Так жилками мерцает мрамор черный.
Пой, лебедь гордый, песнь разлуки пой,
Дай нам упиться грустью благотворной.

Мне бы женщин, мне бы кружку,
Табачка бы мне понюшку!
Им готов служить всегда —
Хоть до Страшного Суда.
Для меня желанней рая
Эта Троица святая.

О, если б вечным быть, как ты, Звезда!
Но не сиять в величье одиноком,
Над бездной ночи бодрствуя всегда,
На Землю глядя равнодушным оком —

Вершат ли воды свой святой обряд,
Брегам людским даруя очищенье,
Иль надевают зимний свой наряд
Гора и дол в земном круговращенье, —

Я неизменным, вечным быть хочу,
Чтобы ловить любимых губ дыханье,
Щекой прижаться к милому плечу,
Прекрасной груди видеть колыханье

И в тишине, забыв покой для нег,
Жить без конца — или уснуть навек.

День отошел и все с собой унес:
Влюбленность, нежность, губы, руки, взоры,
Тепло дыханья, темный плен волос,
Смех, шепот, игры, ласки, шутки, споры.

Поблекло все — так вянут вмиг цветы.
От глаз ушло и скрылось совершенство,
Из рук ушло виденье Красоты,
Ушел восторг, безумие, блаженство.

Исчезло все — и мглою мир объят,
И день святой сменила ночь святая,
Разлив любви пьянящий аромат,
Для сладострастья полог тьмы сплетая.

Весь часослов любви прочел я днем
И вновь молюсь — войди же, Сон, в мой дом!

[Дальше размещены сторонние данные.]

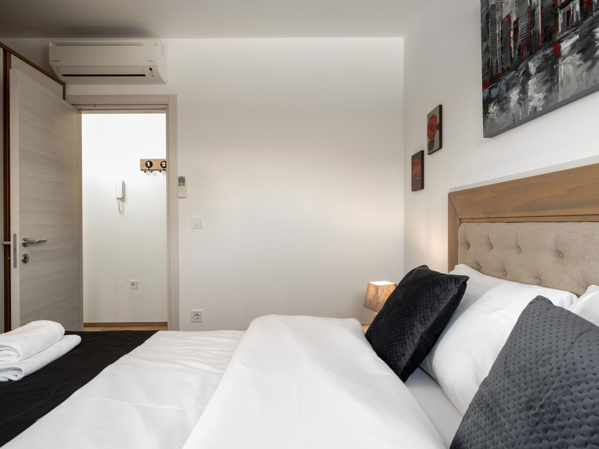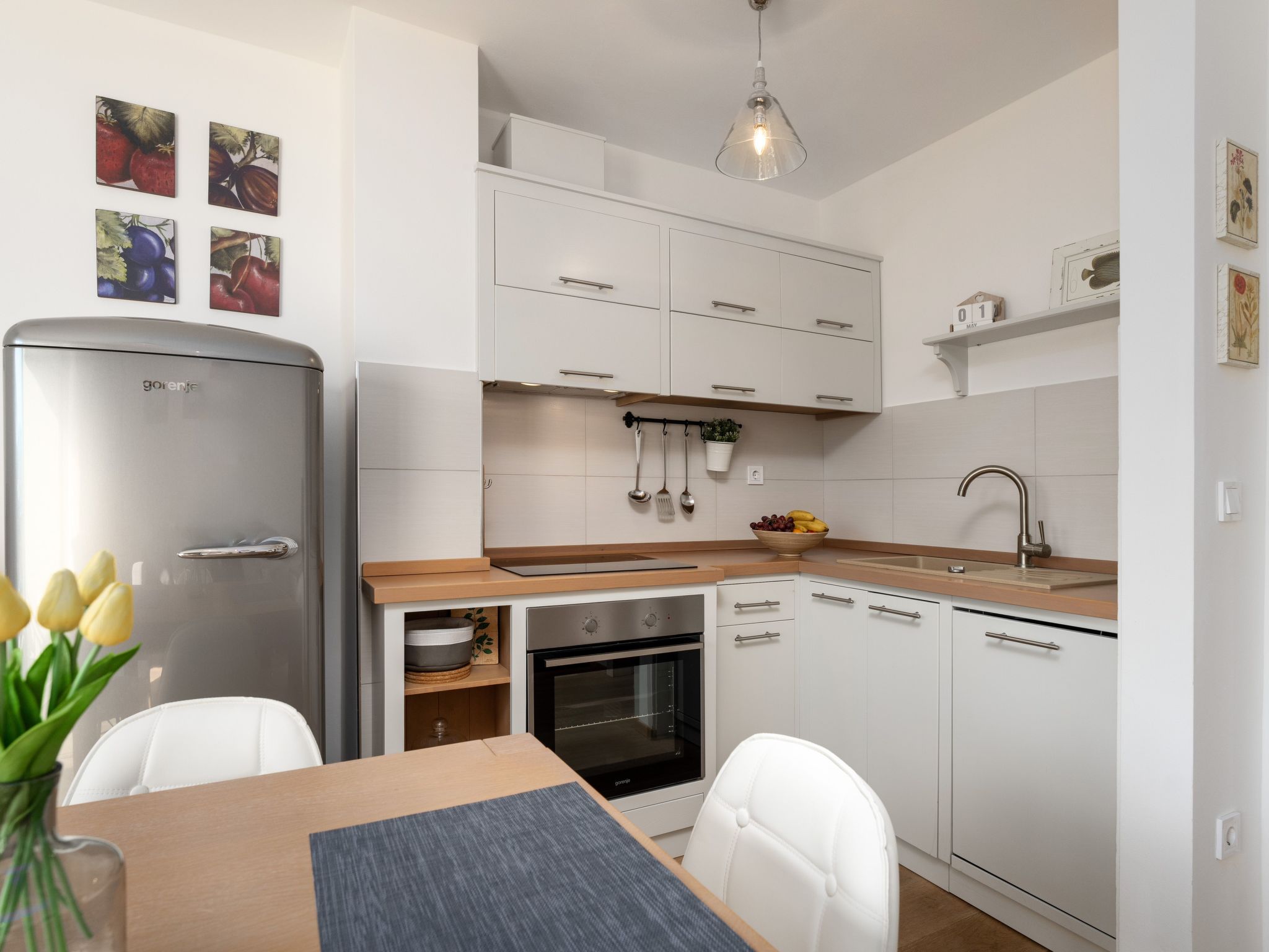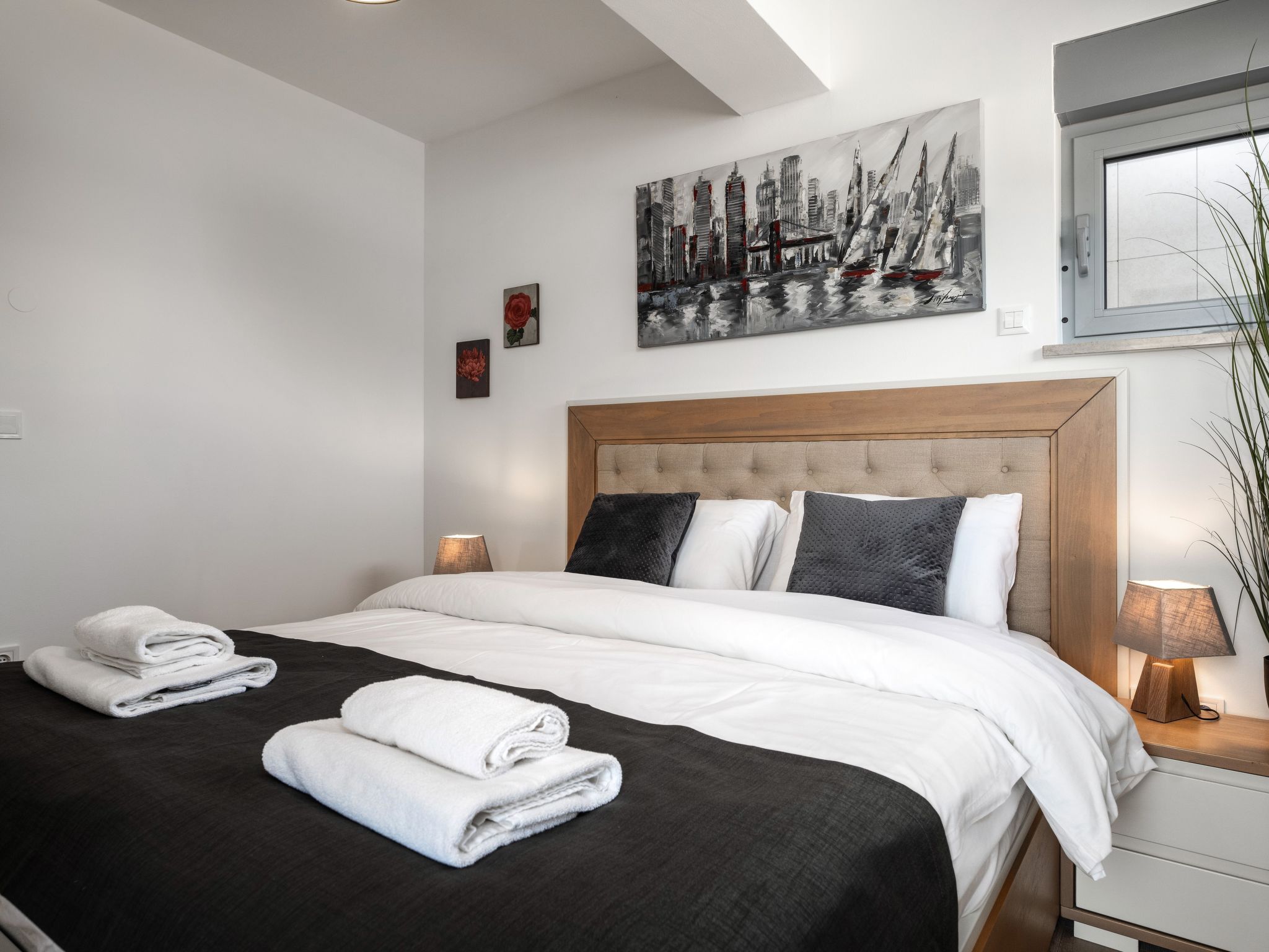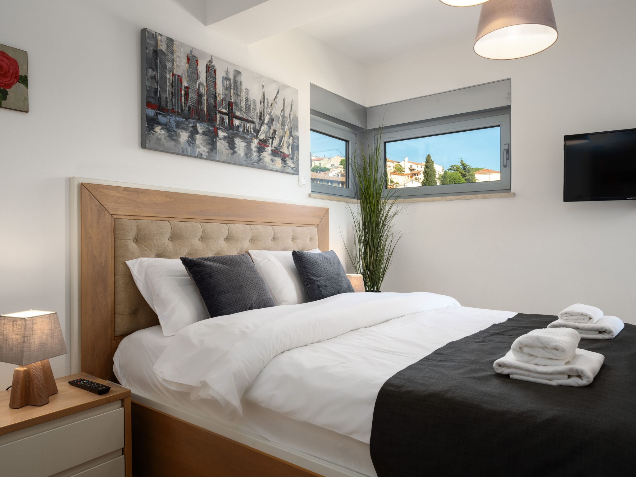 Discover the heart of Istria with a stay in the Kata Premium holiday flat, located in the picturesque town of Vrsar between Porec and Rovinj. This modern holiday accommodation is ideal for couples looking for a relaxing yet eventful getaway. With its unique location right in the marina, it offers tranquillity and unrivalled sea views, while the historic old town and lively town promenade are just a short walk away.The flat itself is located on the first floor of a new building and has 47 square metres of living space, which is perfectly divided. It offers a cosy living area with a fully equipped kitchen, a dining table and a pull-out couch, which is ideal for a small child. A highlight is the balcony, which invites you to relax with its enchanting sea view and comfortable garden furniture. There is also a bedroom with a double bed and a modern bathroom with shower/WC.The Kata Premium holiday flat is characterised by its inviting outdoor area. With its cosy ambience, the balcony invites you to enjoy the quiet morning hours or the picturesque sunset over the sea. For those travelling by car, a private parking space is included, which is a convenience not to be underestimated in the lively coastal town of Vrsar. In addition, entry to the Vrsar marina is included in the price, which is an additional incentive for boat lovers.The surrounding area offers a wide range of leisure activities. Within a few metres you can reach various cafés, shops and restaurants offering local delicacies and international cuisine. The beach is just 300 metres away and promises relaxing days on the crystal-clear waters of the Adriatic. For those interested in culture, a stroll through the historic old town is a must, while the nearby town promenade invites you to experience the lively hustle and bustle of Vrsar.The Kata Premium holiday flat is the perfect choice for an unforgettable holiday in Vrsar. With its modern comfort, fantastic location and direct access to both relaxation and entertainment, this flat offers the best of both worlds for a relaxing holiday in Istria. Book now and experience the holiday you've always dreamed of.

Прекрасное пленяет навсегда.
К нему не остываешь. Никогда
Не впасть ему в ничтожество. Все снова
Нас будет влечь к испытанному крову
С готовым ложем и здоровым сном.
И мы затем цветы в гирлянды вьем,
Чтоб привязаться больше к чернозему
Наперекор томленью и надлому
Высоких душ, унынью вопреки
И дикости, загнавшей в тупики
Исканья наши. Да, назло пороку,
Луч красоты в одно мгновенье ока
Сгоняет с сердца тучи. Таковы
Луна и солнце, шелесты листвы,
Гурты овечьи, таковы нарциссы
В густой траве, где под прикрытьем мыса
Ручьи защиты ищут от жары,
И точно так рассыпаны дары
Лесной гвоздики на лесной поляне.
И таковы великие преданья
О славных мертвых первых дней земли,
Что мы детьми слыхали иль прочли.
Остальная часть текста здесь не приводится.